RLL Container Report - 08 October 2014

From: John Keir, Ross Learmont Ltd Email: john.keir@telia.com Date: 08 October 2014


A seismic shift in intermodal traffic.

A continuous flow of data points to a significant shift in the centre of intermodal gravity towards Asia. By 2017, Transport Intelligence reckons that the Asia Pacific region will account for 33% of the global contract logistics market. Much of the growth in forwarding and logistics markets will be driven by the USD 14 Billion expansion of the Chinese contract logistics market over the next three years. This will represent more than half of the region’s total growth over the period. While China remains the core driver of growth, low-cost manufacturing is exiting China and is relocating to Vietnam, Cambodia, Laos and to what are termed the ‘frontier markets’ of Myanmar and Bangladesh. This shift in manufacturing has resulted in changes in supply chain requirements. To meet these challenges, major logistics companies are expanding their presence in Asia-Pacific via acquisition or organic growth.

Fesco is also strengthening its position in the Asian market by introducing a second block train service between Vladivostok and Tashkent that joins a sister service, which has been operating since June. The Fesco Tashkent Shuttle originates in S E Asia and then transits via Vladivostok on its way to the new ULS depot in Tashkent. The current block train completes the journey from Vladivostok to Tashkent in twelve days. According to market reports, RZD is thinking of withdrawing from its co-operation with Fesco in Russkaya Troika. Currently, Russkaya Troika is 50% owned by Fesco, while RZD has 25% plus one share. At the same time, TransContainer is evaluating potential purchases among Russian domestic operators. The RZD subsidiary is particularly keen on acquiring a medium-sized operator with a fleet in the range of 2 to 3,000 units. TransContainer may also abandon plans to take a major shareholding in the Slovak operator, ZSSK Cargo Intermodal.

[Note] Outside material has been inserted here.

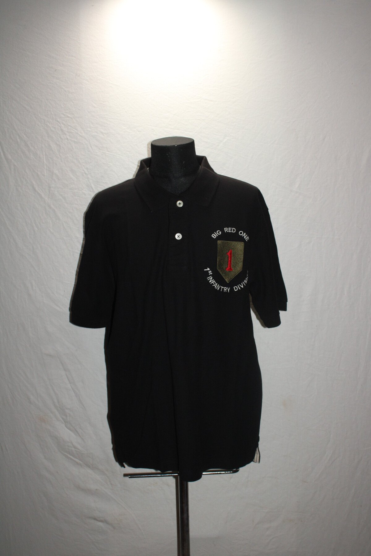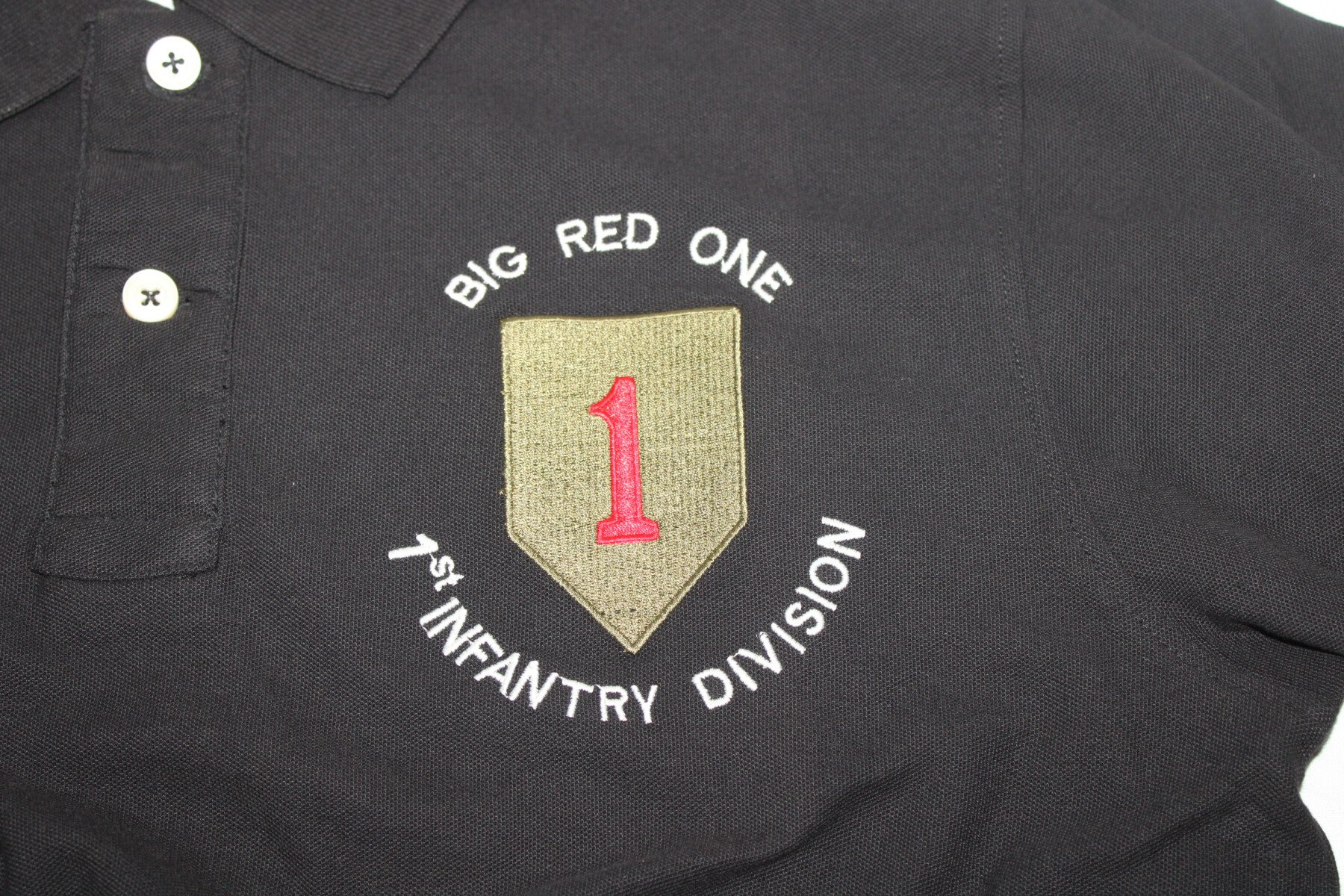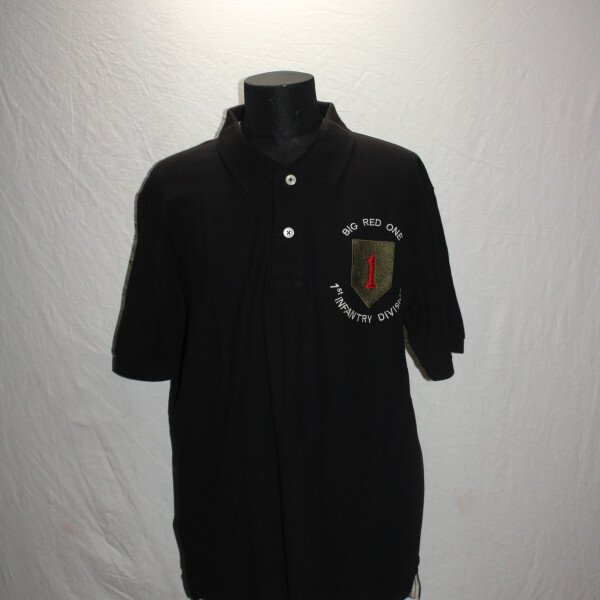 Ce polo est brodé de l'insigne de la 1ère division d'infanterie américaine ( la fameuse Big red One) sur la poitrine.

RZD’s concentration on the domestic market may be driven in part by the uninterrupted growth in the Russian intermodal market. Latest monthly figures from Ecodor point to a ten percent rise in box carryings. Throughput in September rose by one tenth to 28,684 teu and much of this growth came from the 47 regular block train services to Vladivostok, Khabarovsk, Novosibirsk and Krasnoyarsk. The agricultural sector may also provide a large slice of the projected increase in box traffic in Asia. Russia and Japan are discussing a joint project to develop the cultivation of wheat and soya in the arable lands of Siberia and the Russian Far East. Currently, the area of land under soya cultivation is growing at a rate of 10 to 15% per annum. At the same time, Japan and other S E Asian countries witnessed a 40% increase in soya consumption.

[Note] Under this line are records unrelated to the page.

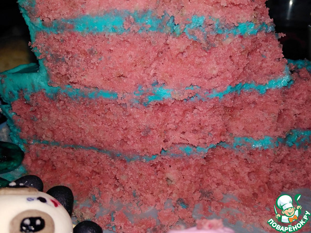получился чуть больше кг, внутри красный бархат, правда, с розовым красителем https://www.povarenok.ru/recipes/show/104802/
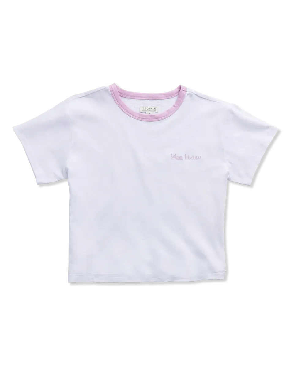 Kick up some dust in our original ringer-style tee, featuring Yee Haw front and center. Made from soft 100% cotton slub jersey, this everyday classic has a comfortable standard fit, contrast ribbing at the neck, and a chain stitch-inspired detail for a little extra Western flair.
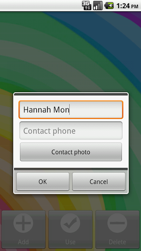 4. L'immagine che arriva sullo schermo è quella con il contatto di default, o si sceglie per i contatti fittizi.

However, we should not rush to discount the Old World just yet: the DCT terminal in Gdansk starts work on the USD 240 million new box facility in the Baltic port. When completed in 2016, DCT’s capacity will expand to 4 million teu. In addition to a draught of 16.5 metres and a 600-metre long quay, the terminal will boast no less than seven gantry cranes each capable of handling vessels of up to 25 boxes wide. This will not only put the local competition in the shade but also a large part of the surrounding city. The Gdansk port will act as one of the hub ports for the new 2M alliance between Maersk and MSC. Assuming it is given the go-ahead, the 2M alliance will command 29% of the market slot capacity and will also dominate the Ultimate Container Ship category. The Dano-Swiss grouping will employ 32 vessels with a combined capacity of 585,000 teu.

Round the Baltic coast in Klaipeda, the local port, which had averaged 36,350 teu per month from January to August, returned a very healthy total of 38,700 teu for the month of September. Further north in Sweden, ACL has chosen Södertälje as its dry import hub for the Stockholm area. ACL, which is part of the Grimaldi Group, moves four out of five of its containers from the Port of Gothenburg by rail, including its regular shuttle to Södertälje, which is situated only 30 km from the centre of the Swedish capital. Meanwhile, Sweden’s neighbour, Finland gave the European shipping community an insight into the future of short-sea transport. Helsinki-based Containerships is adding two, dual-fuel vessels, each with a capacity of 1,400 teu. These will be the first short-sea vessels to run on liquefied natural gas. The vessels will be delivered from Chinese yards in 2017 and can run on both LNG and standard bunker. Typical for vessels operating in the Baltic region, the ships tend to carry more specialised units, including up to 639 x 45’ HC palletwides and 300 refrigerated containers.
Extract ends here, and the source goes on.